Poems


Summer School



The girls from Austria play

at the piano, grand and low down in the window bay,

Tea is served, at eight prompt, upon a tray.

The gentlemen recline in velvet green

and oak-carved panelling completes the scene

of some Vienna salon circa. 1817.



Upstairs, the Spanish boys make grand salutes,

crash bouldering through doors set tuck-firm by their roots

for solid generations of the best Scotch stock,

swing wide as – such impertinence! – jaws in shock

and rebound from their hinges with a crash

from walls not built for Mediterranean dash.

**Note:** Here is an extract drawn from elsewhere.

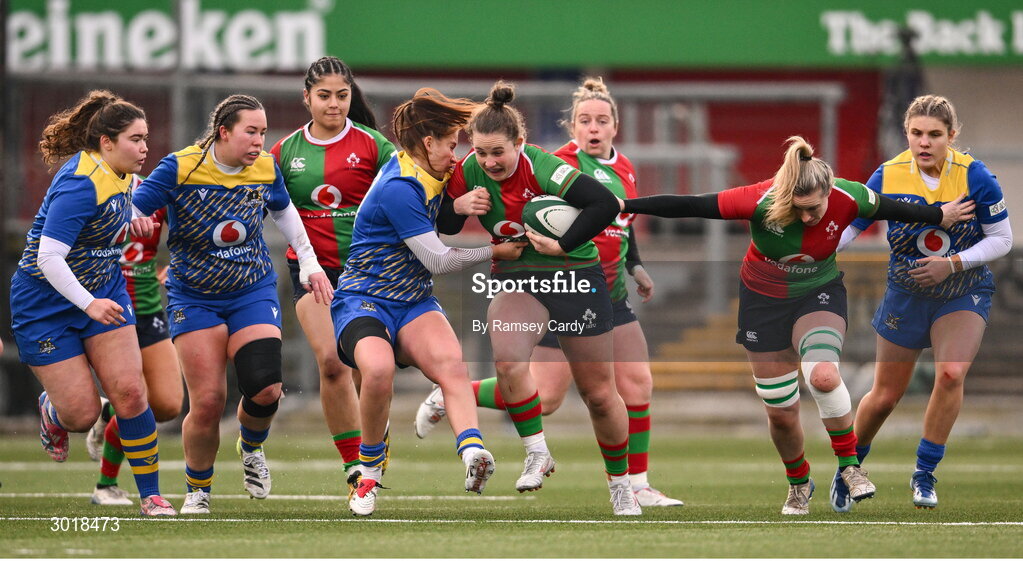 4 January 2025; Enya Breen of Clovers is tackled by Carys Hughes of Gwalia Lightning during the Celtic Challenge match between Clovers and Gwalia Lightning at Kingspan Stadium in Belfast. Photo by Ramsey Cardy/Sportsfile

Till long past ten they strut and stride with cockerel grace

and stamp and roar,

and rampage terrier-mad as toreador

through stairway, venerable hall, and corridor

until imperious from the kitchen comes the call,

and then - Mama! – they file obedient in their lines,

to where Lourdes laboriously grinds

the pepper mill, and parts tomatoes from their rinds

to make passata for their bedtime snack.



In the piano room, the sweet waltzes cease

their mannered tick-tock from the mantelpiece,

Enter Andalucians, upstage left

bearing bruschetta; the maidens are bereft

and clear-eyed brows are knit at this most rude

and shambling disruption of their Cecelian solitude.



The boys shoot glances, only glances, bent

under dark brows and awkward, thoughtful, and

after the crumbs are spent, scrape up the might

to stretch and chew the English word ‘goodniiiight’

as they retreat. And this is what they learn.



Sehr gut, sehr gut, meine Mädchen, danke schön.